In addition to a Na+/K+ -ATPase, Myosin and Actin were also found to be present within the JAK-STAT portion of the consensus network. Actin is the most abundant protein present within the human body and is also one of the most conserved across a plethora of Metazoans. Actin and its isoforms are responsible for several functions, however it is most well-known for its cytoskeleton nature; within cardiac muscle contraction, thin filament actin is the scaffold upon which myosin contractions work [99]. As such, it is no surprise actin and myosin produce an interaction, however there are also interactions with AKT and Bcl-2. Bcl-2, as indicated previously, is a protein responsible for cellular metabolism, cell fate, mitochondrial function and ultimately cell proliferation with disruptions in its signaling causing B-cell follicular lymphoma [100]. Bcl-2 is also localized to the endoplasmic reticulum and regulates the control of Ca2+ levels which also influences actin cytoskeleton development and provides a cue in apoptosis [101]. Interestingly, Bcl-2 is also found to enhance F-actin and myosin polymerization which results in inhibition of cell-cell adhesion and motility [102, 103]. Thus Bcl-2’s link to myosin and actin underline the importance of metastasizing cancers and reiterate the interrelatedness of the internal milieu within the human body. Collectively, these new pathway-pathway interactions reiterate the functional interrelatedness of biochemical pathways that are missed when just looking at a specific pathway alone and though our algorithm does not provide a causal relationship of interaction, the interaction is a powerful tool to identify significant community relationships among proteins.

Conclusion

Our method of inferring gene interactions can be helpful to investigators in multiple ways. With our method, the confirmation of currently accepted gene interactions as well as the hypotheses of new interactions is possible. By using consensus networks created with multiple, randomly generated topological inputs, inferences can be made about gene interactions without prior knowledge of the gene functions themselves. Any group of genes can be examined for possible interactions, regardless of biological system, and even across organisms. The method of consensus network generation with randomized topological inputs could also be adapted for use with other sources of data: microarray, RNA-Seq, and mutation data. The more prior knowledge that is applied to the initial gene selection, the more precise and informative the results will be. Additionally, the current version of our text searching and parsing is very rudimentary; the addition of natural language processing could greatly increase the effectiveness of the entire process, even allowing the detection of specific interaction types. In its current form, our method uses R and Matlab to query and pre-process data, with a large parallelized, petascale system to generate Bayesian networks. We are moving towards releasing a web-driven front end that would allow investigators to use this system with their own data, integrated KEGG pathway data, and data from large experiment databases such as the GDC.

Supporting information

S1 File. Prior knowledge matrix for data set 1.

A matrix representing the prior knowledge input used with creating our Bayesian networks. The matrix has 28 columns and 42600 rows. The rows consist of publications which contain at least two of the functional gene groups we are interested in. The first column is the PubMed ID of the publication represented by the current row. The remaining 27 columns represent the functional gene groups given in Fig 3. The value of these 27 columns are ‘0’ if the publication did not contain the column’s genes group, and ‘1’ if the group was present within the publications abstract.

(CSV)

S2 File. Prior knowledge matrix for data set 2.

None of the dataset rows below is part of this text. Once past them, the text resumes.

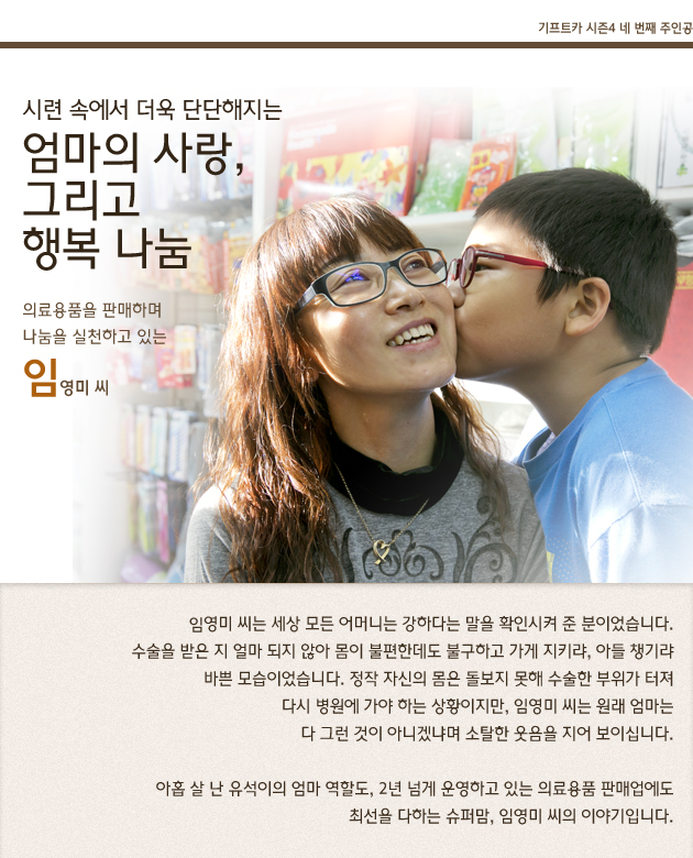 순수한 마음으로 세상을 돕는 엄마. 그리고 의사가 되어 엄마의 행복과 건강 모두를 지켜주고 싶다는 효자 아들 유석이. 두 모자에게 희망과 행복이 찾아오길 기프트카가 함께 응원합니다.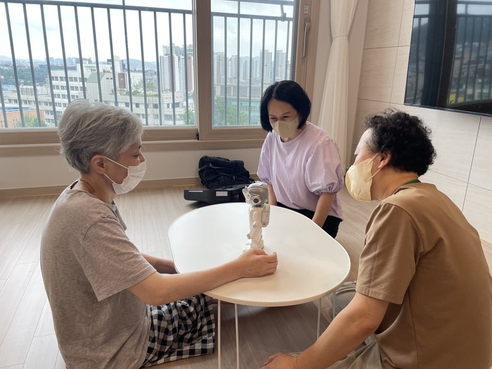 | ▲ 용산구 치매안심전문 자원봉사단이 치매 노인 자택에 방문해 인공지능로봇과 학습을 진행하고 있다. (사진제공=용산구청) |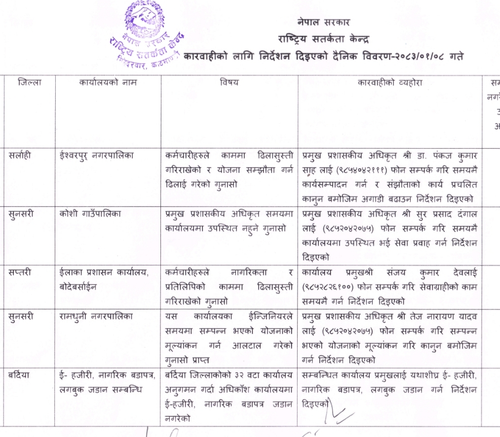 सिराहाको विष्णुपुर गाउँपालिकाका प्रमुख प्रशासकीय अधिकृत दुखि कापर कार्यालयभन्दा बाहिर बसेर कामकाज गर्ने गुनासो समेत आएको छ। राष्ट्रिय सतर्कता केन्द्रमा सर्लाहीको ईश्वरपुर नगरपालिकादेखि धनुषाको नगराइन र सुनसरी रामधुनी नगरपालिकासम्मका गुनासो आउने गरेको छ। उक्त विषयमा समेत रााष्ट्रि सतर्कता केन्द्रले एक्सन लिएको हो।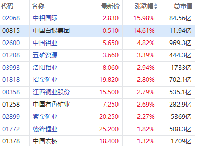 7月11日,有色板块表现强势,截至发稿,中铝国际涨近16%,中国白银集团涨超14%,中国铝业涨近5%,五矿资源涨超3%,洛阳钼业、招金矿业涨超2%。

A matrix representing the prior knowledge input used with creating our Bayesian networks. The matrix has 46 columns and 96,594 rows. The rows consist of publications which contain at least two of the functional gene groups we are interested in. The first column is the PubMed ID of the publication represented by the current row. The remaining 45 columns represent the functional gene groups given in Fig 4. The value of these 45 columns are ‘0’ if the publication did not contain the column’s genes group, and ‘1’ if the group was present within the publications abstract.

(CSV)

S3 File. Consensus network adjacency matrix for data set 1.

The adjacency matrix representing the consensus network generated with 42,600 publications, 27 functional gene groups, and 100 random topologies per group resulting in 2700 total Bayesian network inputs. Each row and column index represents the matching group from Fig 3. The numbers within the matrix represent the number of Bayesian networks that contained the edge connecting the group with the column group.

(CSV)

S4 File. Consensus network adjacency matrix for data set 2.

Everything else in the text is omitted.